Sitelinks are nothing but the Navigation Links of the website. It’s to help searchers quickly navigate to the desired location of that website instead of going to the index page and then click on the navigation link.
How to get Sitelinks?
Sitelinks are automatically generated. It normally shows up if the website has a steady number one position for the keyword and has an easy navigation system. You cannot manipulate or bribe Google to make them generated for your website. The best way is to get the steady number one position for the keyword. This is why highly competitive keywords normally do not have a site with sitelinks.
If there is one thing the Sitelinked Websites have in common is an easy to navigate Website. The main categories (those useful for Sitelinks) stand out from the rest of the links. To help Google find the pages you would like Sitelinked, the best practice is to link to those pages sitewide, like categories in a blog or categories in a shopping website.
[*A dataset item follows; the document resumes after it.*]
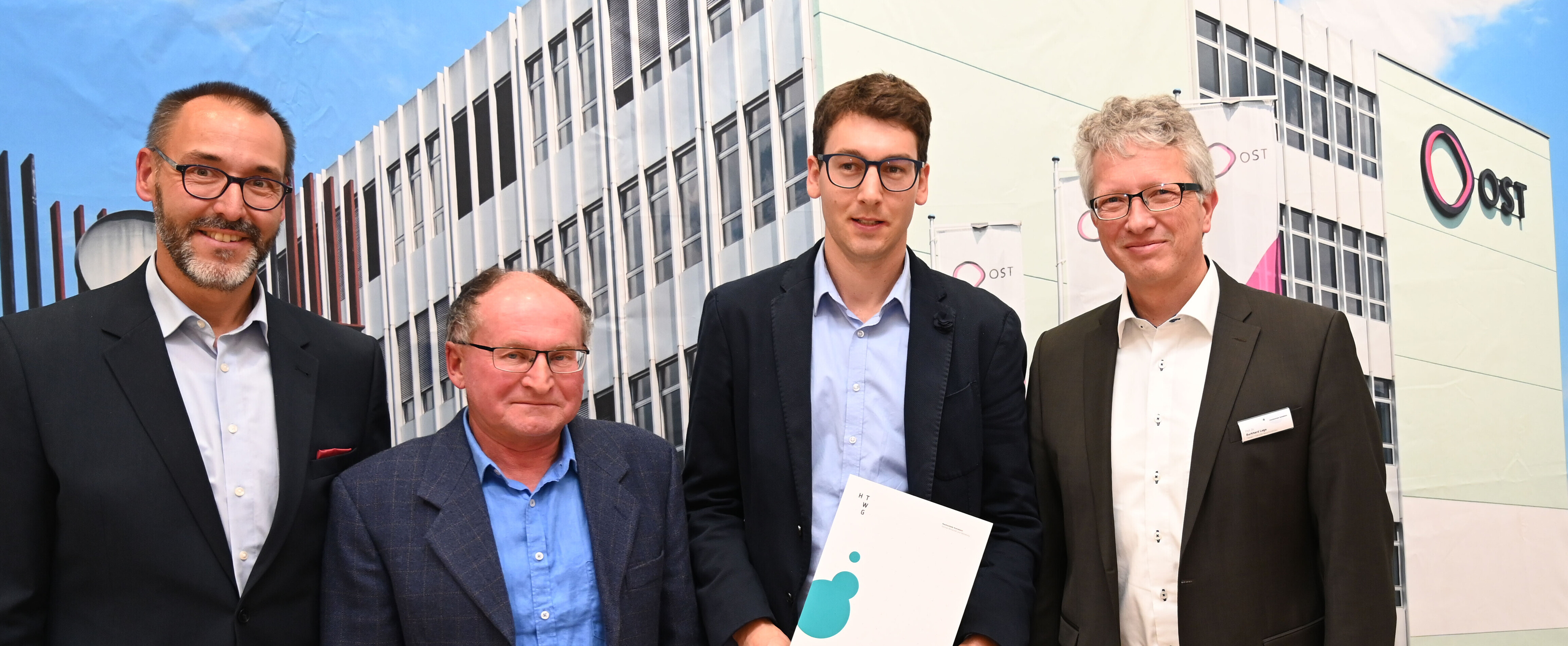 Bildlegende: (von links) Prof. Dr. Carsten Ziolek, Prof. Günter Nagel, Preisträger Christian Kreis und Prof. Dr. Burkhard Lege

Most of the time, the Sitelinks are one step deeper than the index page. Like, www.domain.com/products/, www.domain.com/resources/, www.domain.com/support/, www.domain.com/aboutus/. So, making those pages linking site wide will help Google to determine them as the important pages of your website and probably select them to be appeared as sitelinks.
It’s hard to tell the exact conditions for having sitelink, but we can at least measure them by following the URL Structure, Keyword Position of the websites having sitelinks.